В эту минуту, прежде чем Фарнезе смог ответить, висевшая на потолке лампа внезапно погасла, управляемая каким-то механизмом, расположенным за пределами комнаты. Два пленника в молчании замерли, трепеща, во власти того страха, который подавляет все чувства, когда твое существо ждет каких-то ужасных событий.
Послышался легкий щелчок. Фарнезе и Клоду показалось, что одна из стен сдвинулась. Внезапно абсолютную тьму прорезал слабый и тусклый луч света, и их глазам открылось фантастическое, нереальное зрелище…
Одна из стен комнаты, где они были заточены, полностью исчезла, и на ее месте появилась решетка — решетка от пола до потолка, совершенно непреодолимая, состоящая из толстых граненых прутьев. С другой стороны решетки находилось огромных размеров помещение, слабо освещенное несколькими факелами, мрачные блики которых неспособны были рассеять сумрак… В центре этого зала, от которого их отделяла решетка, кардинал и палач, застывшие от изумления, граничившего с ужасом, увидели нечто сказочное по изысканной роскоши и соразмерности деталей.
Итак, в центре зала под балдахином из алого шелка, отделанным золотой вышивкой, возвышался помост, обтянутый алым же бархатом. Шелк балдахина с одной стороны ниспадал переливающимися складками до самого пола и служил огненно-красным фоном пышной и мрачной красоте Фаусты.

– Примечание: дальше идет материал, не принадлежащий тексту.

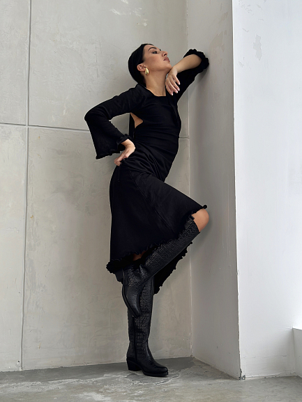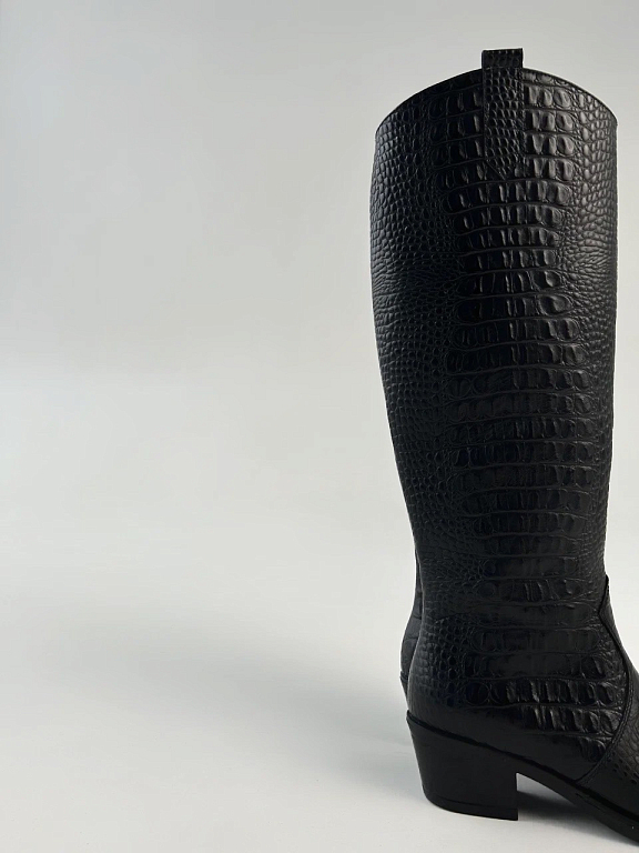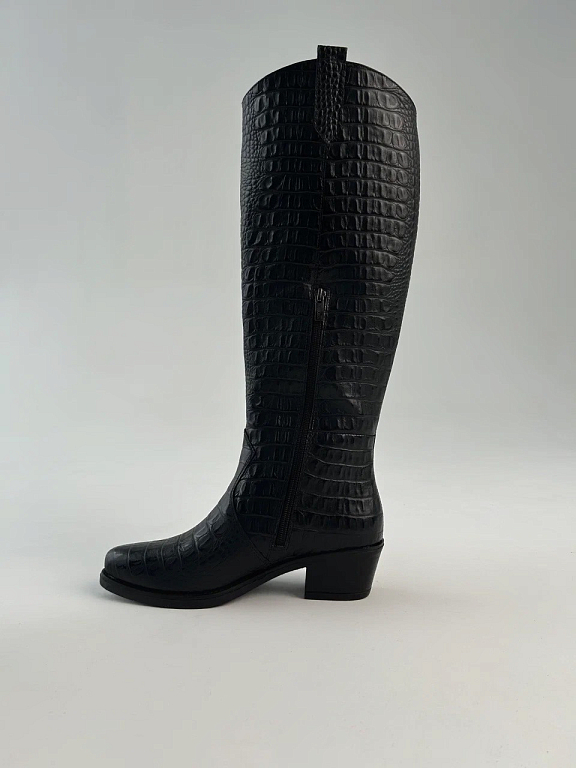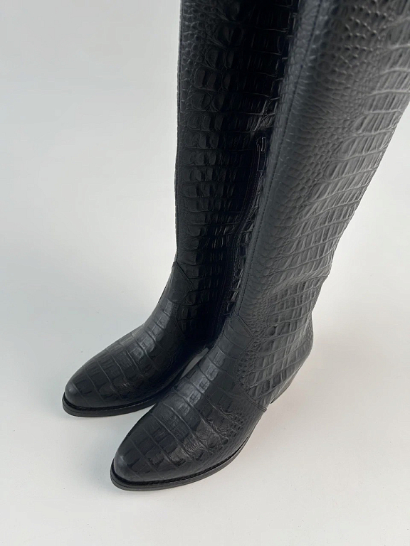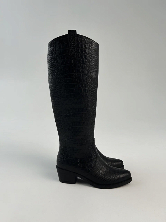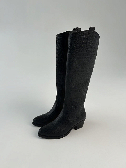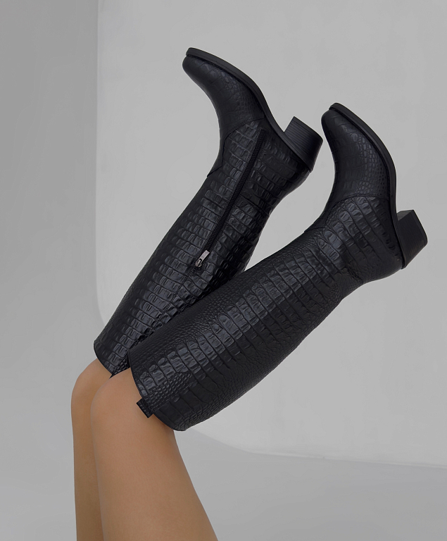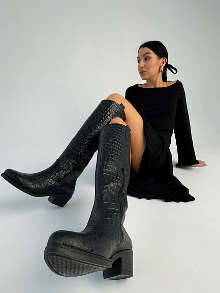 Материал: 100% натуральная кожа Материал подклада: кожа/ байка Высота ботинка (без учета подошвы): 42 см Высота подошвы: 1 см Высота каблука: 5.5 см Сезон: лето/ демисезонные (от +10 до-15)

Фауста в папском облачении неподвижно восседала на троне слоновой кости, инкрустированном золотом. На ней было длинное ослепительно белое платье, шлейф его, окаймленный золотом, в сверкающих блестках, закрывал едва ли не весь помост, словно пенистые волны, искрящиеся в солнечных лучах; а поверх этого платья был накинут белый бархатный плащ, на котором переливалась вышивка двух ключей-символов. На голове ее красовалась золотая тиара с крестом, сделанным из гигантских рубинов, отбрасывающих мрачные блики. Фауста, наряженная в этот потрясающий своей роскошью костюм, неподвижная, словно статуя, торжественно-серьезная, подавляющая своим величием; Фауста, чьи волосы цвета воронова крыла отчетливо выделялись на белом фоне и чье зловещее лицо освещалось блеском черных глаз; Фауста, которую с четырех сторон обмахивали огромными веерами из белых перьев; Фауста, возле престола которой, подчиняясь строгой иерархии, неподвижно, словно святые в соборе, сидели шесть кардиналов в красных одеяниях и двенадцать епископов в фиолетовых, окруженные двойными рядами вооруженных алебардами людей в стальных доспехах, — итак, Фауста на фоне этих декораций, неслыханных по величественности и помпезности, казалась идеальным воплощением папской власти.
Она была великолепна, блистательна, эта папесса, соизволившая явить себя своим подданным. Около сорока дворян, сняв шляпы, стояли позади ее трона. И надо всем этим царила ужасная тишина…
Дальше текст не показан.